I just got a server and put it in a co-location.

It runs RELEASE FreeBSD 6.1-RELEASE #0, pound, lighttpd and ruby on rails.

Most of the times I find the server responds nicely. But periodically
it doesn't respond properly when accessing its webpages: Type URL in
browser, hit return, no page appears. Try again and again and after a
few times it appears.

Other sites are accessible during these problematic times. Also, in
parallel I am connected to the server through ssh, and there are not
problems with that.
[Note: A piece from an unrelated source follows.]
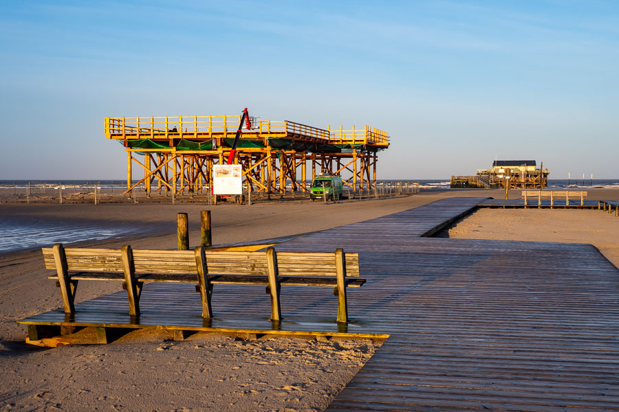 "Neubau eines Pfahlbaus / Hier entsteht die neue Strandbar 54° Nord / Ordinger Strand" Mittwoch, 21. Februar 2023 um 8:14 Uhr. Foto © Copyright by JP Schneider

Even during those times when the web pages don't
appear, I can type and see the result.

Before installing it at the datacentre, the server was working without
problems on the local network.

So I am thinking the problem may be with the co-location operation.

How can I make sure? How can I diagnose this? The only idea I had was
to run tcpdump on my Linux client (tcpdump host stbgo.org), and indeed
I can see entries lines this:

18:32:24.970139 sucrose.sugarmotor.net.34503 >
vps-18-138.virtualprivateservers.ca.http: S 2468438613:2468438613(0)
win 5840 <mss 1460,sackOK,timestamp 96924995 0,nop,wscale 0> (DF)
18:32:25.670135 sucrose.sugarmotor.net.34508 >
vps-18-138.virtualprivateservers.ca.http: S 2493895298:2493895298(0)
win 5840 <mss 1460,sackOK,timestamp 96925065 0,nop,wscale 0> (DF)
18:32:49.670152 sucrose.sugarmotor.net.34508 >
vps-18-138.virtualprivateservers.ca.http: S 2493895298:2493895298(0)
win 5840 <mss 1460,sackOK,timestamp 96927465 0,nop,wscale 0> (DF)
[note next is almost half a minute later]
18:33:12.970162 sucrose.sugarmotor.net.34503 >
vps-18-138.virtualprivateservers.ca.http: S 2468438613:2468438613(0)
win 5840 <mss 1460,sackOK,timestamp 96929795 0,nop,wscale 0> (DF)
18:33:12.985071 vps-18-138.virtualprivateservers.ca.http >
sucrose.sugarmotor.net.34503: S 2788301288:2788301288(0) ack
2468438614 win 65535 <mss 1460,nop,wscale 1,nop,nop,timestamp
708478538 96929795,sackOK,eol> (DF)

But I am not sure what ...

To: <freebsd-net@...>
Date: Wednesday, December 27, 2006 - 6:18 pm

I troubleshoot issues just like this for a living so I hope I can be
of some help. Others have already suggested some useful strategies so
I'll try to focus on ones that I haven't seen mentioned yet.

Off the bat based on what you've described I'd tend to suspect some
sort of transparent proxy, be it a stateful firewall or a intermediary
loadbalancer of some sort. The fact that your ssh connection from
the same source IP (I'm assuming) isn't showing any symptoms would
tend to de-emphasize layers 1-3 (IP on down to ethernet, ruling out
packetloss due to ethernet duplex mismatch/cabling and bad IP
routing, doesn't rule out rate limiting). However, if you've been
experiencing intermittent pauses with your ssh session, even if
they don't coincide with interruptions in http traffic then you may
still have a packet loss issue.

If you suspect packetloss, confirm with 'netstat -i' and look in
the Ierrs and Oerrs columns, they should both be 0 if everything
is spiff. Also check the TCP retransmit counters in 'netstat -s'
(you will always have some retransmission, you just don't want a
*lot* of it). I should note that I think this is a low probability
based on symptoms.

Actually based on the traffic snip you quoted, I tend to strongly

the source IP is 192.168.2.54 which isn't a routable IP address.
Unless you're coming through a VPN or are local to the network,
this would be clear evidence that there is a box in the middle
that's at least smart enough to do address translation.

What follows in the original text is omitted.